As you and your soon-to-be ex-spouse work your way through your property division proceedings, one of the more complex assets you are both going to be forced to deal with is dividing up their 401k. Contributions made to an employer-sponsored 401k account during your marriage are made with your ex-spouse’s income. Thus, just as their income is considered a marital asset, so too are those contributions (at least those made during your marriage). While you may be entitled to an equitable share of those contributions, you are also likely aware that there are tax penalties that are assessed if you withdraw funds from a 401k too early.
You can roll your share of those contributions into your own retirement account (or simply wait until your ex-spouse reaches the age of retirement to withdraw your share), yet what if you need money now? Say that your ex-spouse was the primary income earner in your home, and you know need funds to help pay for schooling so you can get the necessary skills to secure gainful employment, or to buy a new home? Can you withdraw your portion of your ex-spouse’s 401k contributions without having to pay a penalty?

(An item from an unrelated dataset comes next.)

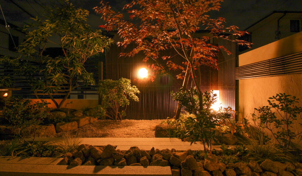 お客様がこだわった灯篭と苔は、和の雰囲気を一層引き立てます。また、夜になるとライトアップされたファサードが温かな光を放ち、まるで月のように庭を照らします。紅葉した植栽が和の趣をさらに深め、まるで一幅の絵画のような美しさを醸し出しています。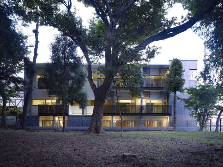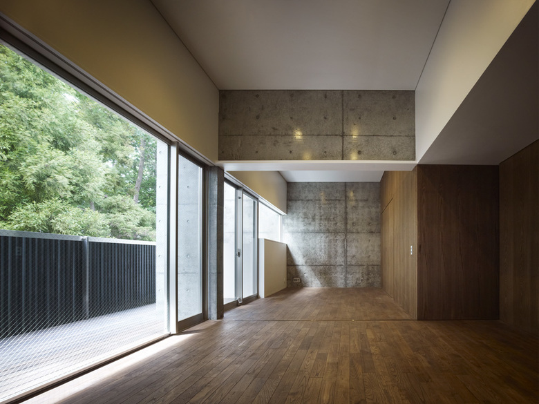 While the plan configuration is quite simple and orthodox, the cross-sectional structure is a bit more complex. Within the volume of the legally determined height, three types of dwellings with different cross-sections are stacked vertically in a puzzle-like manner. The bottom floor is a maisonette type with a basement floor and a first floor, the top floor is a skip-floor type with a loft, and in between is a flat type with an expansive plan. Each unit offers various views of the adjacent greenery. The name of the building is "BALCONE" because it resembles the relationship between the stage and the bleachers of a theater. The company decided to use the name "Toyama" in the name of the city. It is an apartment complex that serves as a viewing platform for the attractive green space on the stage.

According to information shared by CNBC, you can. If the court issues a qualified domestic relations order naming you as an alternate payee on your ex-spouse’s retirement account, you can remove funds without incurring the regular tax penalty (your intention to withdraw the funds now must be stated in the QDRO). You will, however, have to pay income tax on your disbursement. Plus, withdrawing the funds now costs you whatever interest they may earn in the coming years. Therefore, this is not a decision that should be made without first giving it a lot of thought.